Due to long-term used of immunosuppressants, kidney transplant recipients have weakened immune systems. This makes them more vulnerable to COVID-19 infection and prone to experiencing more severe symptoms than the general population. The mortality rate among this cohort during the COVID-19 pandemic has been approximately 30%.13–15 Although there has been a notable decline in recent years, the mortality rate from infections in these patients remains considerably greater than that of the general population.16 Effectively reducing COVID-19 mortality depends crucially on preventing severe disease progression. Hence, this study summarized the clinical characteristics and sputum microbiome features of mild and severe patients to identify risk factors for the progression of severe illness.

Fever is a common symptom among individuals infected with COVID-19. In our study, every patient experienced fever, although the intensity and duration varied from person to person. However, the relationship between fever and the severity of COVID-19 infection remains underexplored. Notably, our findings suggest that patients with severe COVID-19 often experience a fever lasting longer than one week prior to hospital admission. It is worth mentioning that there appears to be no significant correlation between the temperature peak reached and the severity of the disease. Due to individual differences and the use of immunosuppressants among solid organ transplant recipients, early symptoms may be obscured, resulting in low-grade fevers even in severe cases.17 Multivariate regression analysis in this study indicated that the duration of persistent fever prior to admission is an independent risk factor for disease progression to a severe stage. Therefore, increased vigilance is essential for timely assessment and effective management of patients who present with persistent fevers.

COVID-19 often triggers an inflammatory response, leading to the release of diverse inflammatory factors, such as IL-6, IL-10, IFN-γ, and CRP, which is particularly evident in severe cases.18,19 Bivona et al established a connection between the concentrations of these inflammatory markers and the severity of COVID-19, highlighting a notable increase in IL-6 levels in severe patients.20 Similarly, Zeng et al recognized PCT, CRP, and IL-6 as indicators of disease severity and mortality risk in COVID-19 patients.21 Our research revealed significantly elevated levels of CRP, PCT, IL-6, IL-10, and IFN-γ in the severe group compared to the common group upon admission. Interestingly, contrary to prevailing reports, our findings indicate that the ability of IL-10 to predict severe illness progression might surpass that of IL-6. Carlini et al posited that IL-10, as an endogenous danger signal, functions as a prognostic marker for disease severity and mortality in patients infected with the novel coronavirus.22 Weiss-Tessbach et al further underscored the significance of IL-10 in differentiating between severe and critical COVID-19 patients.23

Multivariate analysis from our study demonstrated that admission levels of IL-10 and CRP, along with the duration of fever before admission, were independent risk factors (P<0.1). Based on the duration of fever before admission as well as the CRP and IL-10 levels at admission, a nomogram model was constructed to predict the risk of disease progression towards a severe stage. The corresponding AUC was calculated to be 0.906, suggesting excellent predictive ability for these three factors and their respective models.

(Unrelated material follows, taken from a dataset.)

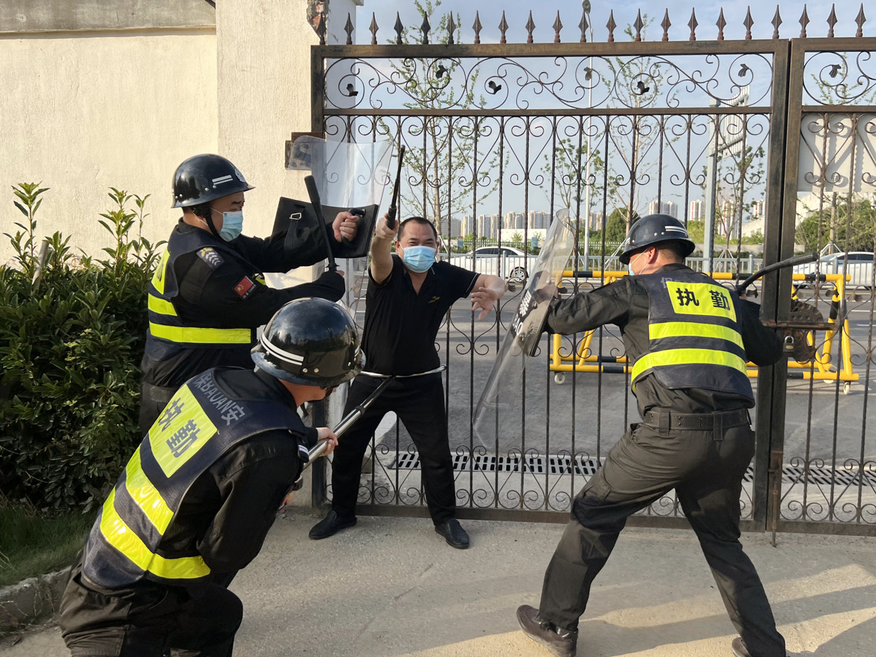 总指挥一声令下,实战演练拉开帷幕:监控值班人员接到电子围栏16防区北大门地段报警,发现可疑人员试图翻越铁门入侵厂区,随即组织安保力量赶赴现场,启动CK报警系统与公安机关取得联系,可疑人员第一时间得到控制,应急状态解除。

COVID-19 frequently leads to acute kidney injury (AKI), which affects approximately -20–40% of severe patients.24,25 AKI is considered a marker of disease severity and an unfavorable prognostic factor for survival.26,27 The kidney function assessment in this study revealed that the common group did not exhibit an increase in creatinine levels postinfection; in fact, there was even a transient decrease during treatment, possibly attributed to the reduction or discontinuation of CNI drugs. Conversely, the severe group experienced a significant increase in creatinine levels after infection, with two patients requiring continuous kidney replacement therapy. Kidney pathology confirmed acute tubular necrosis, consistent with previous reports.28,29 Additionally, LDH levels were significantly elevated in the severe group, while some patients exhibited a ≥50% reduction in PLT compared to baseline levels along with decreased hemoglobin. Considering Jodele’s proposed diagnostic criteria for transplantation-associated thrombotic microangiopathy (TA-TMA), it is plausible that severe COVID-19 infection may induce TA-TMA and impact kidney function.30 However, further research is warranted to explore this hypothesis.

In this study, we discovered that the absolute CD3+CD4+ T-cell count could serve as a significant predictor of severe COVID-19 infection among kidney transplant recipients. Calvet et al conducted a prospective study that underscored the predictive value of lymphocyte subsets, specifically CD3+CD4+ T cells, in gauging the severity of COVID-19 infection.31 The authors recommend determining lymphocyte subsets upon admission. Similarly, a retrospective study conducted by Liana et al revealed that CD4+ and CD8+ cell counts were notably lower in critically ill COVID-19 patients than in those with mild-to-moderate infection.32 Nonetheless, the CD3+CD4+ cell count cannot be regarded as a standalone predictor of severe COVID-19 infection in kidney transplant recipients, and further validation through a larger sample size is warranted.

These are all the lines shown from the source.